Per la seconda, invece, bisogna ricordare che la Città Giardino del tempo era una landa che restò per mesi priva di comando: il sindaco Aldo Fumagalli aveva dovuto lasciare la carica perché coinvolto in un procedimento giudiziario e il suo posto era stato retto pro-tempore dal commissario prefettizio Sergio Porena, il quale fece infine luogo a un altro leghista, Attilio Fontana, dopo il responso delle urne nella primavera del 2006.

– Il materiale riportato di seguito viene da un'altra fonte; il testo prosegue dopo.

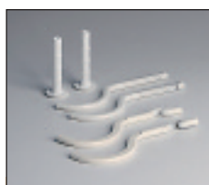
Console standard pentru Tesi
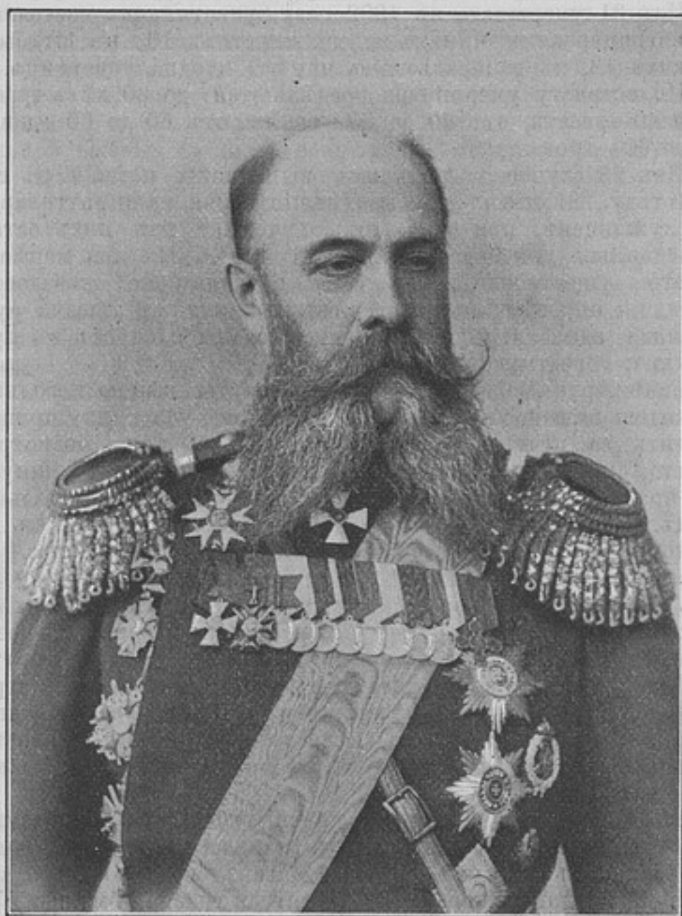
Командующій войсками Виленскаго военнаго округа, генералъ-отъ-инфантеріи, Оскаръ Казимировичъ ГРИППЕНБЕРГЪ.

Деньги могутъ быть высланы почтовыми марками каждая не дороже 50 к. Безденежная подписка не принимается. За перемѣну адреса 28 к. Отдѣльные №№ высылаются за 15 к. Объявленія принимаются по особой расцѣнкѣ, высланной по требованію.
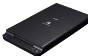
DIN A4-Flachbett-Scaneinheit 102

Scannen Sie Bücher, Zeitschriften und empfindliche Medien mit der optionalen Flachbett-Scaneinheit 102 (bis DIN A4) oder der Flachbett-Scaneinheit 201 (bis DIN A3). Einfach per USB angeschlossen, arbeiten diese Flachbettscanner nahtlos mit dem DR-C225 II (ausschließlich) zusammen und ermöglichen die Anwendung aller verfügbaren Funktionen zur Bildverbesserung.
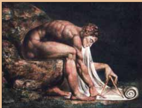
William Blake - Newton, 1795

E fu proprio la politica ad affossare Sogliano e il suo stadio, peraltro dopo averlo lodato. Il commissario mai (giustamente) si pronunciò su un’opera pubblica così cospicua e di carattere straordinario, ma i candidati sindaco in campagna elettorale si dissero favorevoli, dando in tal modo vita a una più unica che rara intesa bipartisan. Quindi – eletto Fontana – il nuovo primo cittadino prese in mano il progetto, ma in tre anni la spinta giusta per farlo nascere non arrivò mai, nonostante bandi, studi di fattibilità e richieste di integrazioni. Nel 2009, Sogliano – sconfitto in un’idea che avrebbe potuto cambiare il verso della storia calcistica varesina – fece i bagagli.

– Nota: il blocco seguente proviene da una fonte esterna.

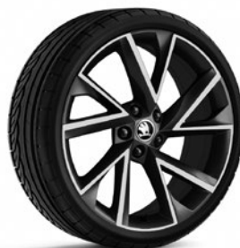
Leichtmetallräder 8,0 J x 19" «Vega» (Serie bei Sportline, Pneu 235/40 R19), anthrazit mit polierter Oberfläche
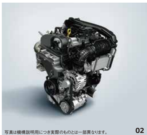
写真は機構説明用につき実際のものとは一部異なります。
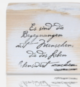
Begegnungen | -06
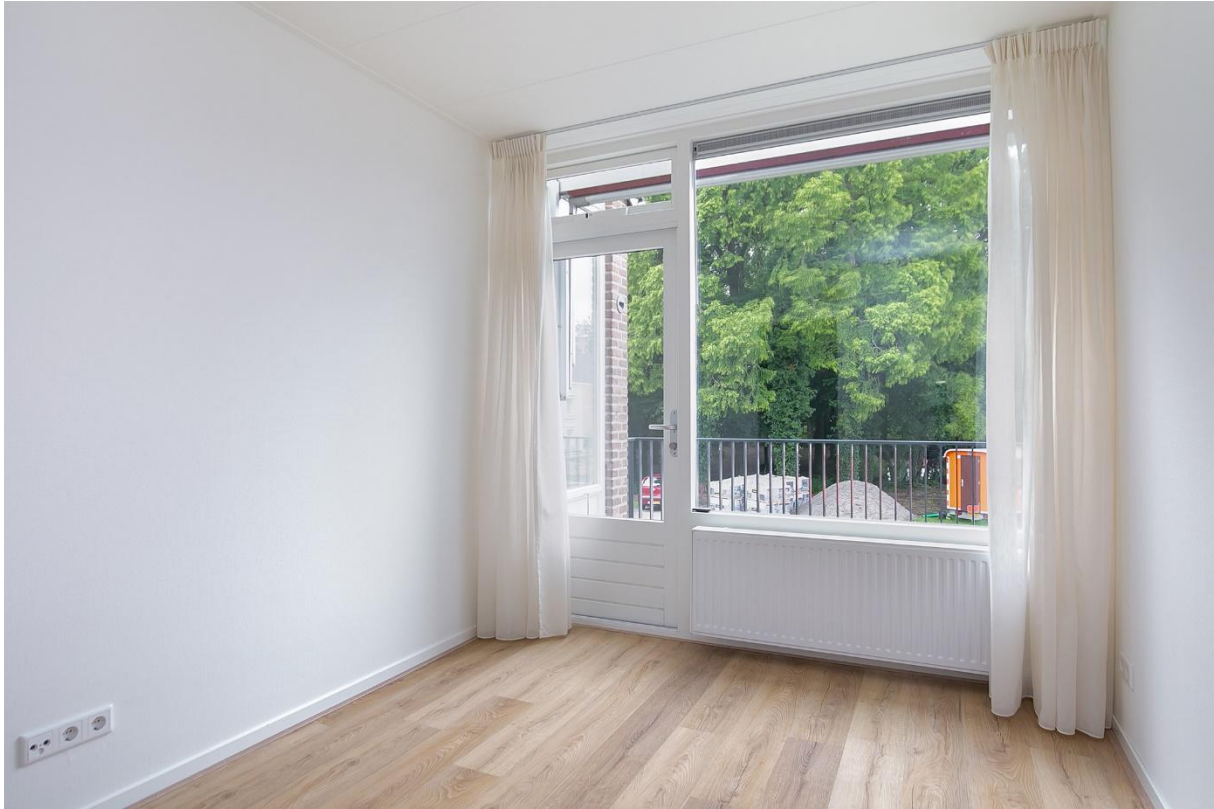
Slaapkamer met deur naar balkon

Quel che più a noi interessa oggi, però, è ricordare il rumore che negli anni citati si fece attorno al progetto stadio. La sola intenzione di costruire, al di là del risultato finale mancato, divenne il centro dei pensieri della politica e il centro di un dibattito che coinvolte stampa e tifosi: nacquero addirittura dei comitati di supporto e diverse manifestazioni riuscirono a portare centinaia di supporter per le strade, a manifestare la propria voce favorevole.

Oggi invece c’è un silenzio tombale, sebbene non siano passati che 2 mesi dalla conferenza stampa del Palace Hotel in cui Città di Varese e Aurora Immobiliare, ma non la politica, hanno tolto il velo dalle proprie intenzioni. Silenzio: i giornali non ne parlano, di comitati non si vede l’ombra e i tifosi, così come i cittadini “normali”, sono catturati da ben altri pensieri.

Se finì in un nulla di fatto lo stadio “amato da tutti”, come potrà finire lo stadio di cui “non frega un tubo a nessuno”?